Copa do Mundo: Bancar um dia de Jogo Custa Quase Nove Salários Mínimos

A Copa do Mundo de 2026 começa no dia 11 de junho e está programada para ser a maior edição do torneio até hoje. Mais seleções do que nunca se classificaram, com 48 nações definidas para competir, em contraste com as 32 que vimos nos torneios mais recentes. Isso significa mais partidas compactadas em um cronograma apertado de 39 dias e mais torcedores lotando os estádios.

Mas, com o aumento vertiginoso dos preços dos ingressos, será que o torcedor comum pode realmente pagar para comparecer à Copa de 2026? O Observatório de Dados do AskGamblers fez as contas e descobriu que alguns torcedores teriam que trabalhar por anos para conseguir pagar uma única partida.

O Custo Real para os Brasileiros: Do Sonho ao Suor

Para o torcedor brasileiro, os números da ferramenta Matchday Affordability revelam uma barreira financeira imensa: são necessários 179,4 dias de trabalho (quase seis meses inteiros) com um salário mínimo para custear apenas o básico de um dia de jogo. Mesmo para quem recebe um salário médio, o investimento de 34,4 dias de suor representa mais de um mês de rendimentos dedicados exclusivamente a 24 horas de evento.

No entanto, o impacto real é ainda mais profundo quando adicionamos as despesas obrigatórias de 2026 que não aparecem nos buscadores. Com a nova taxa de visto americano subindo para US$ 435 (cerca de R$ 2.150 em taxas governamentais) e o custo de vida inflacionado nas cidades-sede, onde a alimentação diária fora dos estádios dificilmente sai por menos de US$ 60, a conta final explode.

Ao somar a burocracia do visto e a sobrevivência básica, o torcedor que ganha um salário mínimo precisaria, na verdade, de aproximadamente 270 dias de trabalho para realizar essa viagem de forma segura. Em resumo: para o brasileiro comum, assistir a um único jogo da Seleção em 2026 exige um sacrifício financeiro que consome quase um ano de vida.

Uma curiosidade rápida: Esse cálculo de 270 dias considera que você guardaria 100% do seu salário para a Copa. Se você tiver que pagar aluguel e comer no Brasil enquanto economiza, esse tempo pode facilmente dobrar ou triplicar!

Torcedores excluídos pelo preço

Torcedores que planejam viajar para a Copa de 2026 foram atingidos pelos altos custos de ingressos, transporte e hospedagem. Para alguns, comparecer aos jogos é algo completamente fora de questão.

Um torcedor haitiano que receba o salário mínimo do país teria que pagar o equivalente a mais de 24 anos de salário para assistir à partida de abertura contra a Escócia.

Metodologia: Como calculamos a acessibilidade?

Para cada nação na Copa, calculamos o preço de um voo de ida e volta para a cidade-sede e o custo do ingresso médio para o jogo de abertura.

Para considerar a experiência completa, também incluímos o preço de uma noite de hotel, transporte público de ida e volta ao estádio, além de um cachorro-quente e uma bebida no jogo. Somamos tudo para obter o custo total para assistir à partida de abertura de cada país.

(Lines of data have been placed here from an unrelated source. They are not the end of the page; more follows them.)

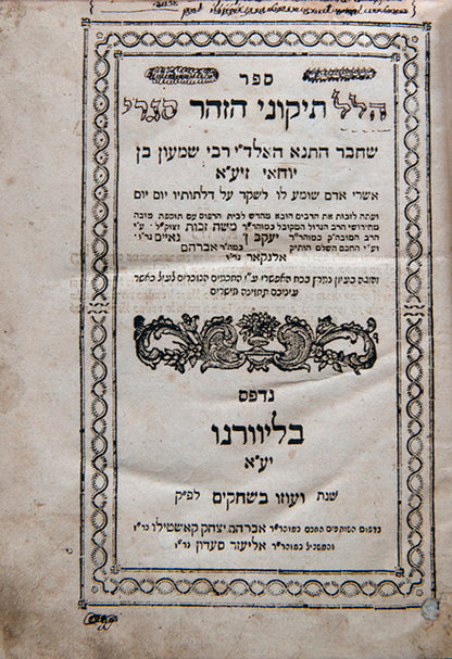 Livorno, Avraham Isaac Kashtilo & Eliezer Saadon (printers), 1789
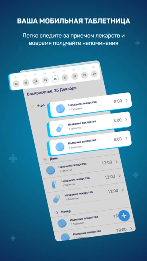 Создавайте курсы лечения : устанавливайте дозировку, дни приема лекарственных препаратов и процедур. Следите за всеми своими курсами лечения и вовремя получайте уведомления.
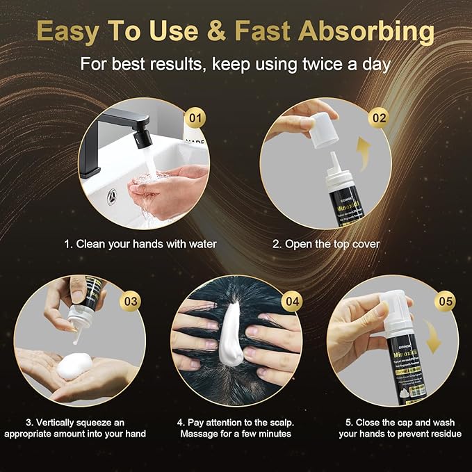 - 【Easy to Use, Fast & Non-irritating】: This product makes hair loss treatment is easy in your daily hair care routine, apply 1ml foam to your scalp twice daily & massage it in. Visible results may appear in just 3 months. It is also effective for promoting beard and eyebrow growth.
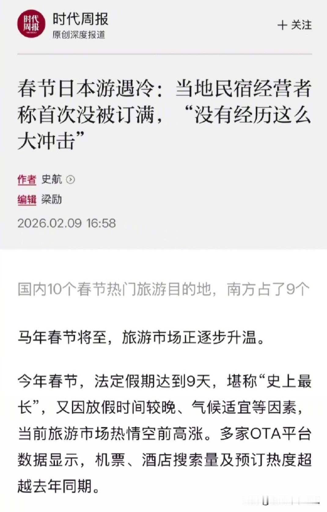 此次春节日本民宿也终于吃到了苦果,居然首次出现了没被订满的情况,这可是历史首次!还记得前段时间因为日本暴雪,很多国内游客被迫长时间滞留机场无法回国的情况吧,这帮人在网上呼吁国家出手帮助后,在网上收获了众多网友的嘘声。国家三番五次提醒不要去日本、不要去日本,这帮人倒好依然我行我素,那么自己就要承担应有的后果。再加上日本不断搞事和糟糕的治安,如果还要不顾一切的前往日本“送钱”,那真的是有种不顾一切的感觉了。老铁们可以在春节期间多看看朋友圈,看看有哪些人依然去日本旅游了,以后对这帮人还是保持距离的好。
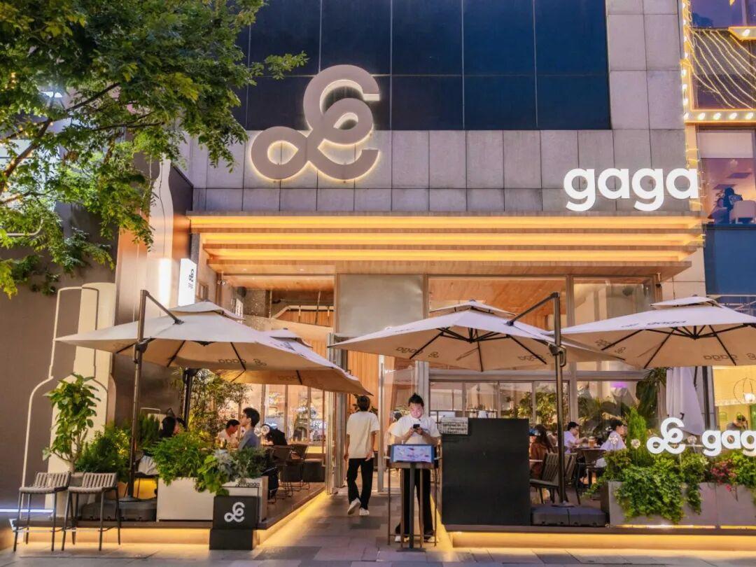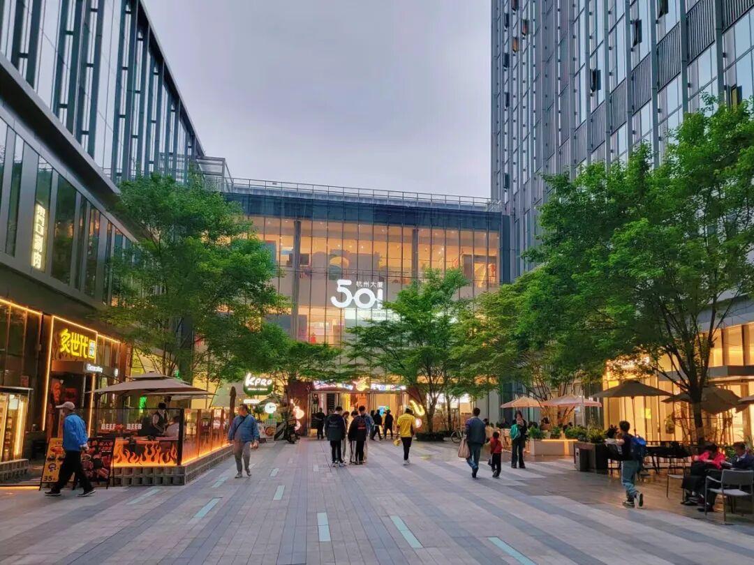 傍晚7时,万象城富春路外摆区渐入佳境。暮色漫过街角,Gaga的露天餐区被绿植缠绕的暖光灯串轻轻环抱,艺术装置的线条在光影中晕开柔润光泽;远处民心路外街的亮化灯带如流动星河,Fascino的面包香与轻食店的果香悄然交织。

Encontramos o salário mínimo e o salário médio de cada nação e os multiplicamos para produzir o valor de um dia médio de trabalho. Dividimos o custo total pelo valor de um dia de trabalho (tanto para o salário mínimo quanto para o médio), o que nos permitiu comparar e ranquear a acessibilidade da Copa para cada país.

Vale ressaltar que não incluímos despesas adicionais, como alimentação fora do estádio ou vistos para quem precisa.

Anos de trabalho para assistir a um jogo

Para alguns, seriam necessários anos de trabalho com salário mínimo para ganhar o suficiente para viajar, assistir ao jogo de abertura e se hospedar na cidade-sede. Aqui estão os três países que exigiriam mais dias de trabalho com salário mínimo:

  • Haiti: 9.040,2 dias (24,6 anos)
  • Panamá: 3.238,4 dias (8,9 anos)
  • Irã: 2.266,2 dias (6,2 anos)

Embora a situação melhore um pouco ao considerar o salário médio, ainda levaria anos para alguns torcedores pagarem uma partida:

  • Irã: 1.703,8 dias (4,7 anos)
  • Uzbequistão: 430,8 dias (1,2 ano)
  • Egito: 232,7 dias (0,6 ano)
Considerando gastos reais como aluguel, comida e contas, a realidade é que alguns torcedores só teriam dinheiro para esta Copa na época da Copa de 2034.

Por que a Copa de 2026 é tão cara?

A decisão da FIFA de realizar o torneio em um continente inteiro (México, Canadá e EUA) gera custos de viagem consideráveis.

Uma Copa Espalhada

Para um torcedor iraniano assistir aos três jogos da fase de grupos, seriam necessários 14,5 anos de trabalho (com salário médio), sem contar deslocamentos entre cidades. Mesmo para torcedores da Espanha, assistir à fase de grupos custaria mais de um mês de salário médio (36,5 dias).

Acessibilidade da Copa do Mundo de 2026

Aqui está quantos dias de trabalho, com base em um salário médio, seriam necessários para que um cidadão de cada nação pudesse pagar uma única partida da Copa do Mundo.

Aumento nos preços do transporte público

Algo que não ajudará a aliviar o peso no bolso dos torcedores é a alta nos preços dos transportes nas cidades-sede. Em algumas cidades dos EUA, os torcedores podem ter que pagar mais de US$ 100 por trecho para ir e voltar dos jogos.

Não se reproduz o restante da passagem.